Scènes de la vie du clergé/Le Roman de M. Gilfil/11

Traduction par A.-F. d’Albert-Durade.
Librairie Hachette et Cie (Scènes de la vie du clergép. 226-231).

CHAPITRE XI

Le dimanche suivant, la matinée était pluvieuse ; il fut décidé qu’on n’irait point comme d’habitude à l’église de Cumbermoor, mais que M. Gilfil, qui n’avait qu’une prédication l’après-midi, ferait le service du matin dans la chapelle.

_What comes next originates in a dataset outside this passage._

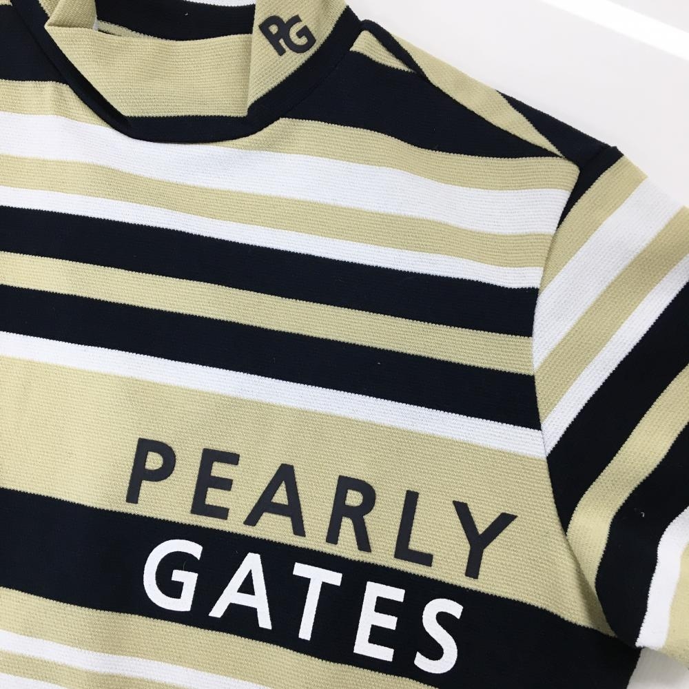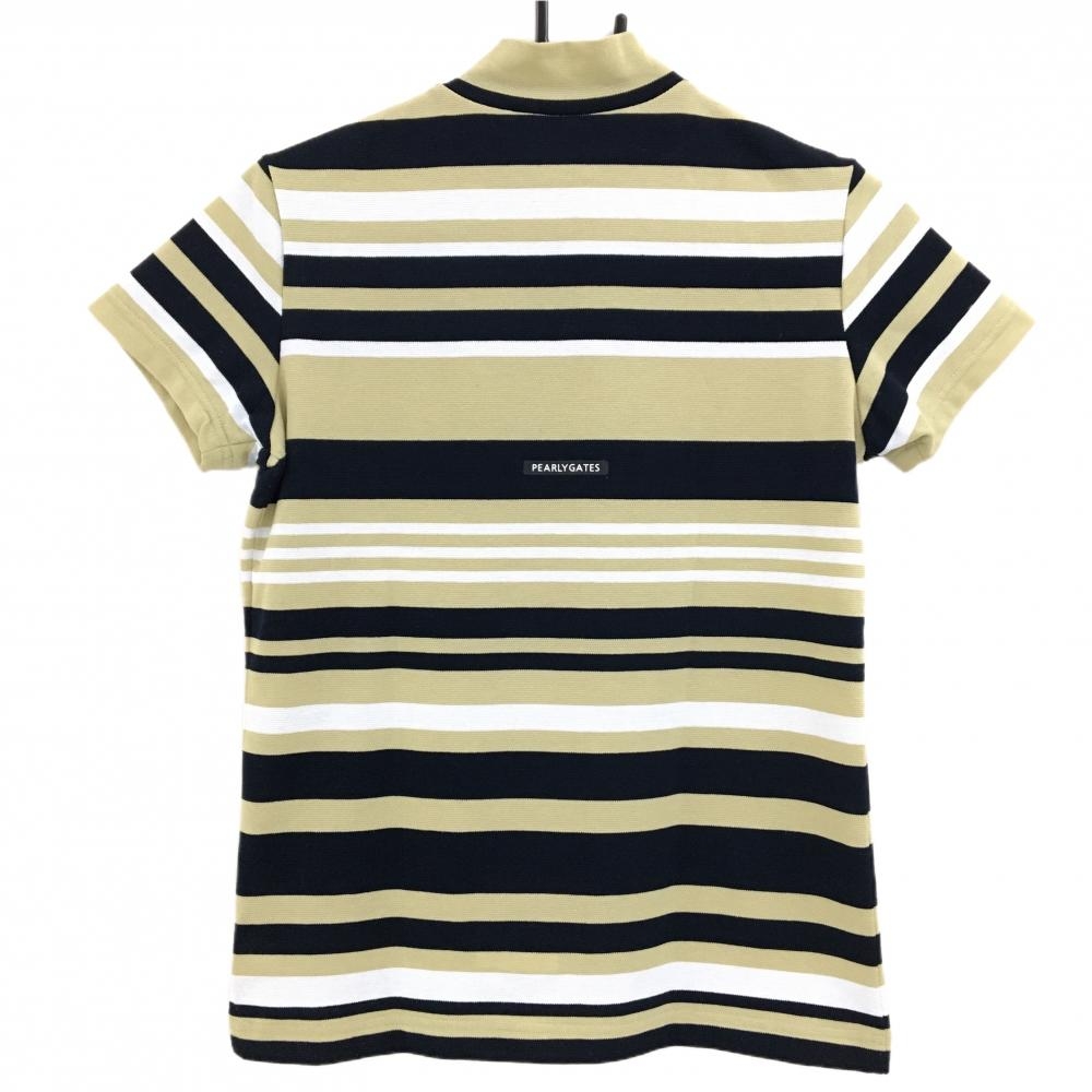 【超美品】パーリーゲイツ 半袖ハイネックシャツ ベージュ×ダークネイビー×白 レディース 1(M) ゴルフウェア 2024年モデル PEARLY GATES

Avant l’heure de ce service, Caterina descendit au salon ; elle avait l’air si véritablement malade que lady Cheverel l’interrogea avec inquiétude, et, la pauvre fille souffrant d’un violent mal de tête, elle ne lui permit pas d’aller au culte, l’enveloppa d’un manteau, l’établit sur un sofa près du feu, en lui mettant en mains un volume des sermons de Tillotson, pour le cas où elle se trouverait assez bien pour faire un peu de lecture.

C’est un excellent remède pour l’âme que les sermons du bon archevêque, mais un remède qui, malheureusement, ne convenait pas à la maladie de Caterina. Elle s’assit, le livre ouvert sur ses genoux, les yeux fixés avec distraction sur le portrait de cette belle lady Cheverel, femme du remarquable sir Christopher. Elle regardait cette peinture sans y songer ; la belle dame blonde semblait abaisser les yeux sur elle, avec cette indifférence bienveillante et ce doux étonnement qu’éprouvent les personnes belles et heureuses ayant de l’empire sur elles-mêmes, quand elles regardent leurs modestes sœurs moins calmes et moins fortes. Caterina pensait à cet avenir rapproché, à ce mariage qui allait se conclure, à tout ce qu’elle aurait à supporter pendant les mois suivants.

« J’aimerais à être bien malade et à mourir auparavant, pensait-elle. Quand on devient sérieusement malade, on ne s’inquiète plus de rien. La pauvre Patty Richards paraissait si heureuse pendant sa consomption. Elle semblait même ne plus s’occuper de l’homme à qui elle était fiancée, et elle aimait tant les fleurs que je lui portais. Oh ! si je pouvais aimer autre chose que lui, si je pouvais ne plus penser à lui, si ces terribles idées pouvaient s’éloigner ! que m’importerait de n’être pas heureuse ? Je ne désirerais rien et je ferais tout ce qui plairait à sir Christopher et à lady Cheverel. Mais, quand cette passion me domine, je ne sais plus ce que je deviens ; je ne sens plus le sol sous mes pas ; je sens seulement les battements de ma tête et de mon cœur, et il me semble que je vais faire quelque chose de terrible. Quelqu’un a-t-il jamais ressenti ce que j’éprouve ? Je suis bien coupable. Mais Dieu aura pitié de moi. Il sait tout ce que je souffre. »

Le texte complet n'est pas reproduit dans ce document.